必要に応じて保持電流を調整し、自発的な活動を記録します。電気生理学に最適化された培養物は、単一細胞と明るいCFPシグナルを持つ小さな塊で構成されていました。培養条件が最適化されていない場合、上皮細胞培養は、EC細胞内の大きな塊、浮遊細胞の破片、損傷した膜、および弱いCFPシグナルで構成されていました。
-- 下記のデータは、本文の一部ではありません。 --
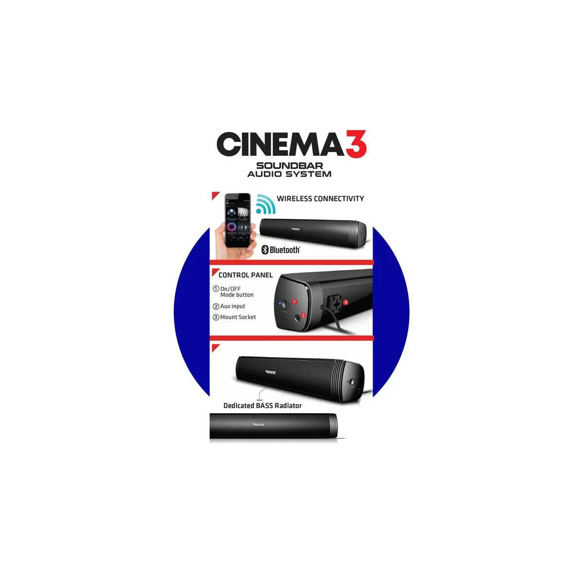 El Cinema 3 de Novik es un sistema de home estudio soundbar para TV. Este complejo sistema te ofrece un sonido de calidad, con bajos profundos y una sensación similar al de un cine por su sonido envolvente 360°, no solo puedes conectar a una TV, sino que también puedes conectar dispositivos móviles o Tablet gracias a su modo bluetooth o entrada auxiliar de 3,5mm. Además, posee dos orificios en su parte trasera para colgar en una pared.

EC全細胞は、結腸培養からの試みの30プラスマイナス7%、およびケイジュナム培養による試みの41プラスマイナス3%で得られた。全細胞の電気生理学では、ナトリウム電流は、EJUNUMからのTPH-1 CPF陽性細胞の81.3プラスマイナス4.0%、結腸から64.1プラスマイナス9.2%から記録された。現在のクランプモードのEC細胞は、現在のクランプモードの59個のEC細胞が自発的APを発射し、29個のEC細胞は現在のクランプモードでステッププロトコルによって引き出された場合にのみAPを発射し、11個のEC細胞はAPを自発的にまたはステッププロトコルによって発射しなかった。
この手順を試みる間、主上皮培養のための最適な消化プロトコルは、使用間で可変である可能性があることを覚えておくことが重要です, 単一細胞を得るために最適な攪拌量を決定することが重要です.この手順に従って、単一細胞PCRや蛍光などの他の方法は、エンテクロマフィン細胞が発現するものや、細胞間シグナル伝達にどのように刺激が結合されるかなどの追加の質問に答えるために実行することができる。この開発後、この技術は、腸内の生理学の研究が、エンテクロマフィン細胞の働きと、マウスの消化管運動と分泌を調節する方法を探求する道を開いた。